I have cursed mentally (and out loudedly) at the foolish notion that I could do this. That I, a single, solitary person, could paint and prime an entire brand-new 1,500 square-foot basement all by myself.
Yesterday morning, in a puddle of tears, I called in the cavalry and begged the help of my friends' teenage daughters with the promise of cash.
They came and I cried a puddle of grateful tears.
My friend Mindy joined me for several hours, as well. For which I can never repay her enough.
What I have learned is this:
- Don't be afraid to ask for help. Most especially when you offer to pay said help. The masses will come and your load will feel more manageable.
- Painting all day definitely makes it easy to stay out of the kitchen, resulting in a 3 pound weight loss over a two-day period. Painful, but I'll take it.
- The Husband's sincere and heartfelt awe over your mad hard working skills will make it slightly less easy to hate him while he's traveling and dining at fine restaurants.
- Clarifying shampoo does not still remove all the paint from your hair.
- Primer is of the devil.
If I don't make it out alive, make sure my funeral is held in that blasted basement and that a good portion of the service is devoted to staring with gratitude and reverence at the ceiling. I painted that bad boy all by myself.
18 comments:
I love painting but your tasks seemed even a little much for me!!! I bow at your paint smeared clothes! I can't wait to see pictures of the lovilyness of your basement and I will be green with envy at the beautiful design and execution and as I have gained the three pounds you lost it will be my tears that fall next. The LBs are safe as they were hiding in a tub of butter but I went in after them and have stored in my butt checks for safe keeping!!
A fine comb will get the paint out of your hair. Sadly, I know this from much experience.

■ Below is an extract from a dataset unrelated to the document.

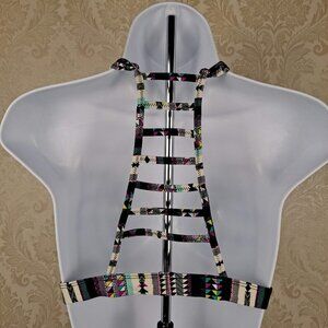 This bikini top has adjustable straps around the neck area with a strappy racerback. It is a pull on design - no closures. Lined but not padded. Fun geometric pattern/stripes.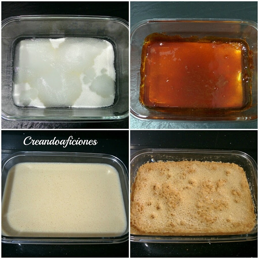 Ponemos la mezcla encima del caramelo y lo metemos en el microondas a máxima potencia 6 minutos, pinchamos con un palillo y en este caso tener cuidado, ya que parece que la mezcla cuaja pronto y se queda un poco seca, última foto del collage de cuatro, por lo que al pinchar con el palillo si queda algún trocito pegado seco, es en ese momento cuando ya estaría listo. Si hace falta que se haga un poco más, poner de pocos en pocos segundos e ir pinchando.

The painting of the bedroom starts this weekend... but I have to say that it is far less ambitious... your basement is bigger than my entire house. :)
I can not imagine painting an ENTIRE basement! Way to go. I would have totally come to help, too. I used to love painting more than I do now (kids ruin a lot of things for you). Last week I painted our downstairs hallway (all by myself, too) I ran -literally - with Wyatt in the jog stroller to Home Depot to buy the paint and came home all jazzed to get this project done. About halfway through the prep work, I thought, "I really don't want to do this now." But I couldn't stop in the middle & now it look lovely!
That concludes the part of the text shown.